Write out exactly, and only, the lines below from the line with "Venkovní svítidlo pro" through the line with "схеме рис. 1, а."; pictures do not belong in the copy.

## DATA TO PROCESS
========================

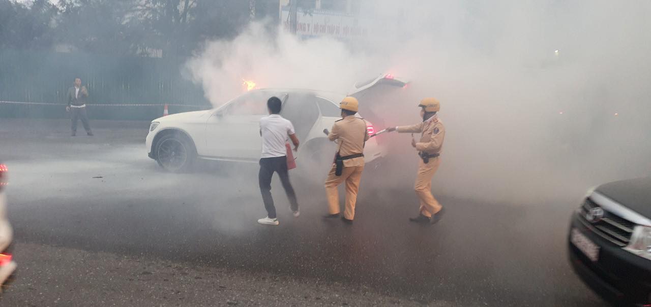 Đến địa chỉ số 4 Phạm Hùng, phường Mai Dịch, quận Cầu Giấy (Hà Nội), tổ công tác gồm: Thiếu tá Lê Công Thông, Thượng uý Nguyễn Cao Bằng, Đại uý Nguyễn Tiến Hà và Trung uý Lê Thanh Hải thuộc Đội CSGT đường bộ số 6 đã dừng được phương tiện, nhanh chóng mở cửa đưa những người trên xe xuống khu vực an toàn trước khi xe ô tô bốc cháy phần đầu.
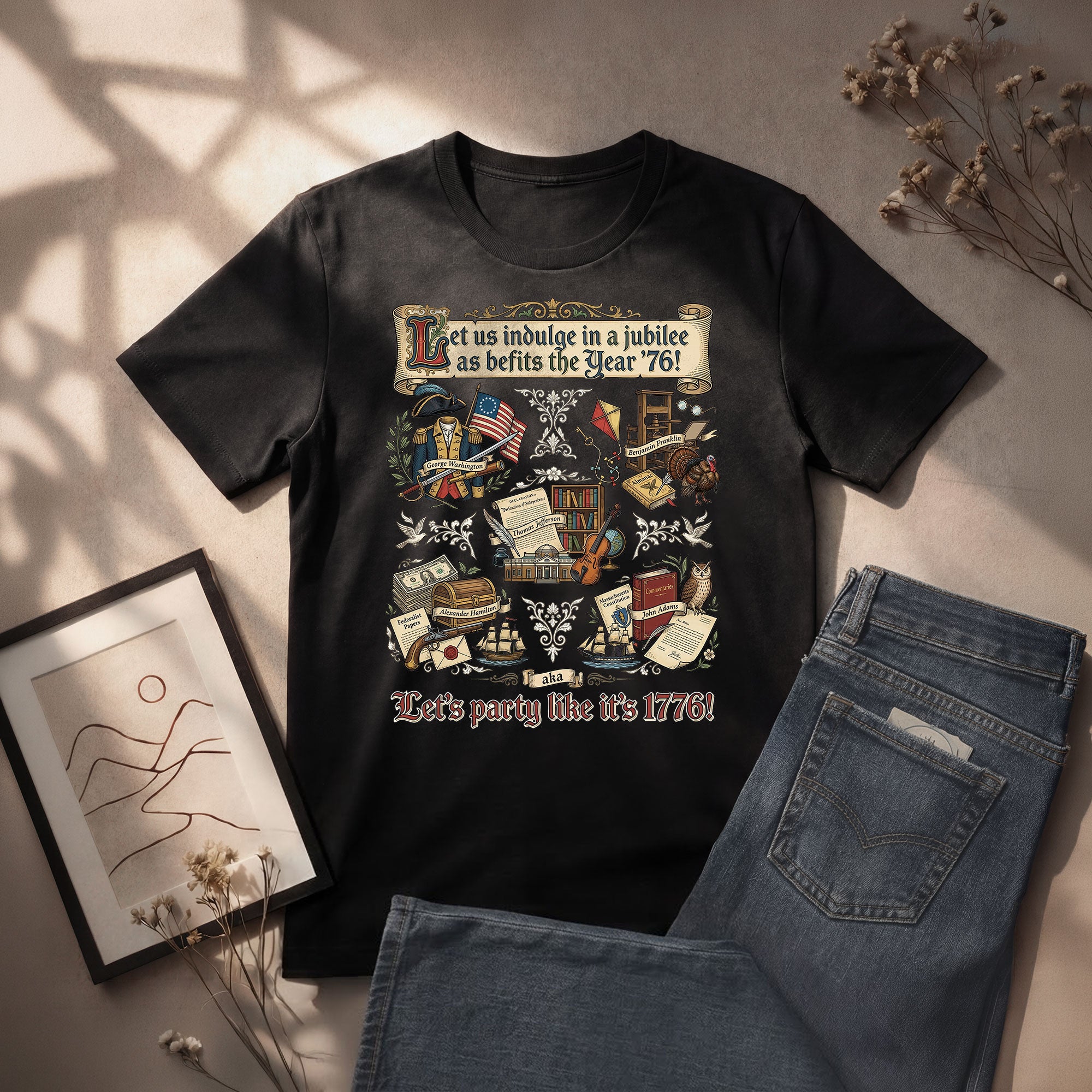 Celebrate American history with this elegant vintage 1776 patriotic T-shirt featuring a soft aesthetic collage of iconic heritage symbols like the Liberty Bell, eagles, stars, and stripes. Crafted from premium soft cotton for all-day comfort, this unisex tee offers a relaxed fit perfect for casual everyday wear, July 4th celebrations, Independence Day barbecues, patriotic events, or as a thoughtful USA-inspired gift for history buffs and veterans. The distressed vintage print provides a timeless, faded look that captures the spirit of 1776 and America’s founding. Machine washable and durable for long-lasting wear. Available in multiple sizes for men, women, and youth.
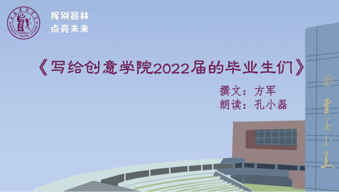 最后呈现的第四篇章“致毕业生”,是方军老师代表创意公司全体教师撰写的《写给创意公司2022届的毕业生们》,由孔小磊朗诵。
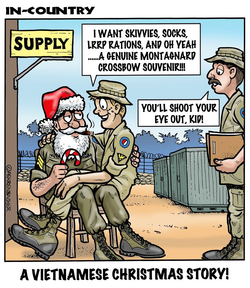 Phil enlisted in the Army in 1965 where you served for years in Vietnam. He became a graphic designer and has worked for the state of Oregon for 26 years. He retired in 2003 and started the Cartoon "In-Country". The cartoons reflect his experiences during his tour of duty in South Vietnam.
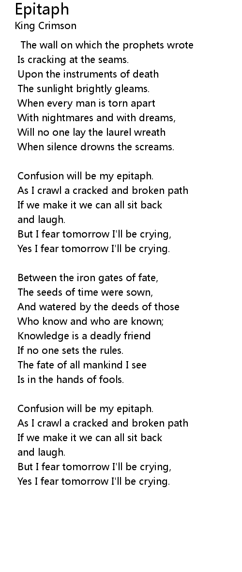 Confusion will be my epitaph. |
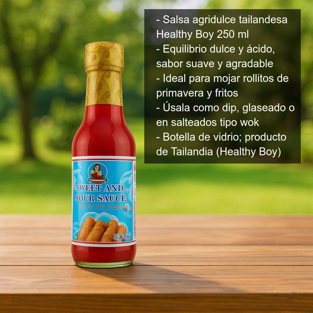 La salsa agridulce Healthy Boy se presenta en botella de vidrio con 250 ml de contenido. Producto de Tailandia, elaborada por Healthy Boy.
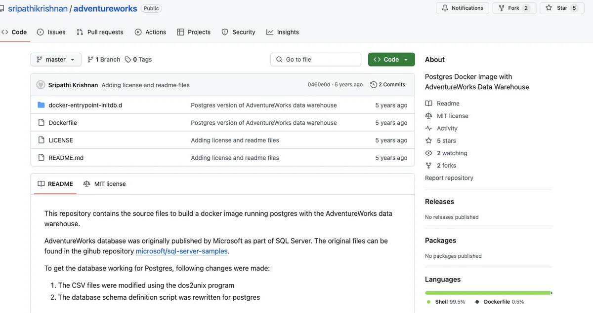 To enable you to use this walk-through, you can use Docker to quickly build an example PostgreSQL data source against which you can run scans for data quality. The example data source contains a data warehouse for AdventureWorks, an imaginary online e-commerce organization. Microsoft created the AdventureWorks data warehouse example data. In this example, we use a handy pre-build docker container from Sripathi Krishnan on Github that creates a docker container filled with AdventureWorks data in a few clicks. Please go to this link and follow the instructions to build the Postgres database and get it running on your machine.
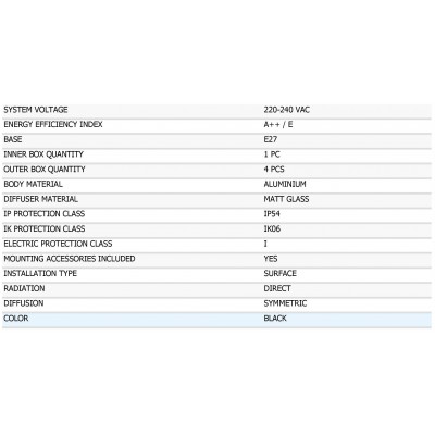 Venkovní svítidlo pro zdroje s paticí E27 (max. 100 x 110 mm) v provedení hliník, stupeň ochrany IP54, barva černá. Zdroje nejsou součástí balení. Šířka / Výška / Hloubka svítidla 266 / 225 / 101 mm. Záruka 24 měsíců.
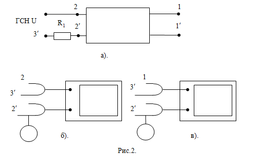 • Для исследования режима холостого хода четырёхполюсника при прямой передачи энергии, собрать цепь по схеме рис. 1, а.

========================

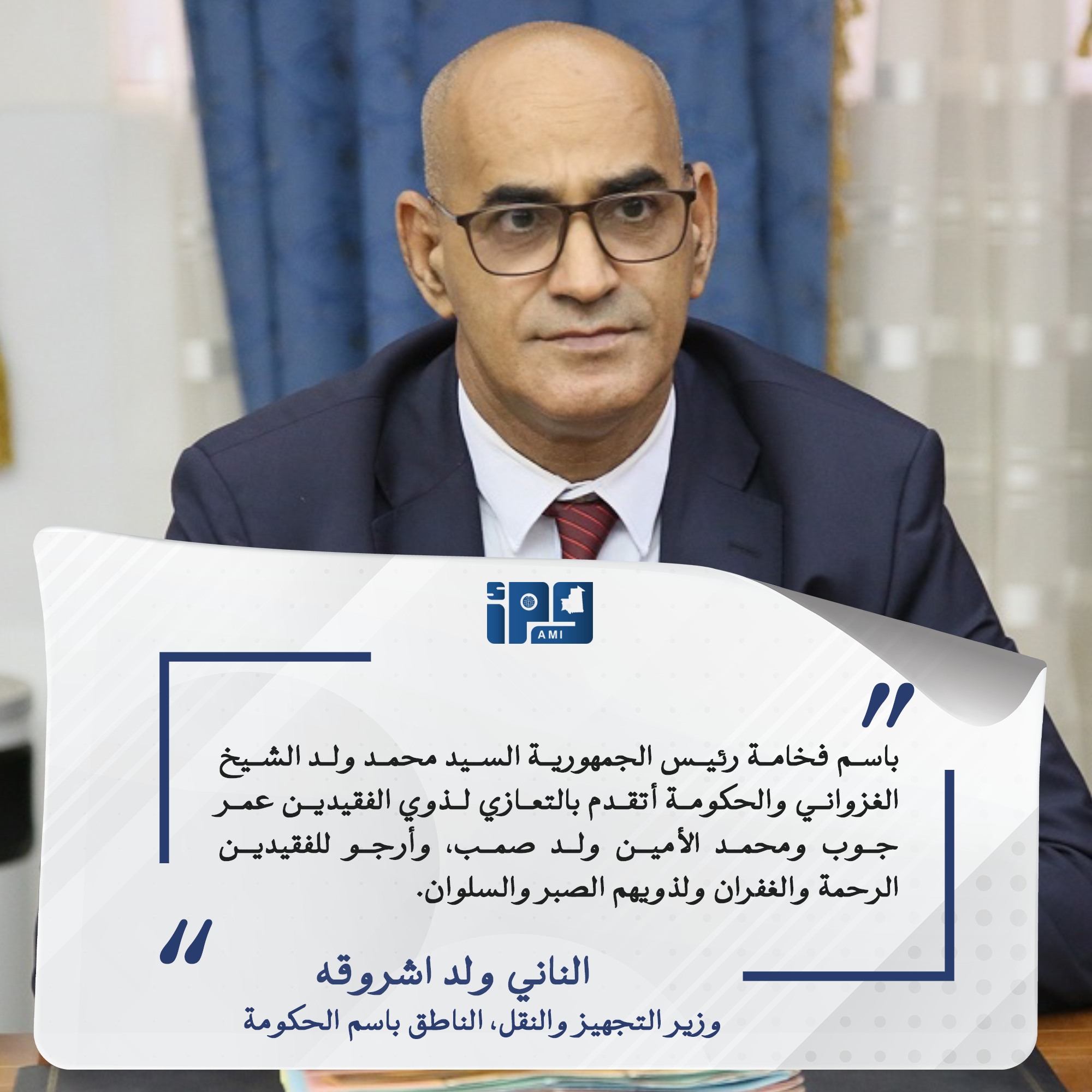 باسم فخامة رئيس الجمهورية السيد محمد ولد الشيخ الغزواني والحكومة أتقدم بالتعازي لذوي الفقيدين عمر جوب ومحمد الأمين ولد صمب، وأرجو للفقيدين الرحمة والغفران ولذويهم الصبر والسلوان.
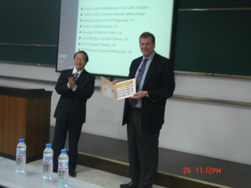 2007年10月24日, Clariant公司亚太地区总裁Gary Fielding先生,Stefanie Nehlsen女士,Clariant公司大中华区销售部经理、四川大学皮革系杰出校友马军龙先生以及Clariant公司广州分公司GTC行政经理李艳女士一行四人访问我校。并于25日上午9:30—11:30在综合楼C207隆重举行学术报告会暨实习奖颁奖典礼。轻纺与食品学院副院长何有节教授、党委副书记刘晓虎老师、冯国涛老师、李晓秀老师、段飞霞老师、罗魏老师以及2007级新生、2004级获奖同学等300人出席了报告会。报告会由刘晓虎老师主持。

========================

## RESPONSE FOR THIS EXERCISE
 Venkovní svítidlo pro zdroje s paticí E27 (max. 100 x 110 mm) v provedení hliník, stupeň ochrany IP54, barva černá. Zdroje nejsou součástí balení. Šířka / Výška / Hloubka svítidla 266 / 225 / 101 mm. Záruka 24 měsíců.
 • Для исследования режима холостого хода четырёхполюсника при прямой передачи энергии, собрать цепь по схеме рис. 1, а.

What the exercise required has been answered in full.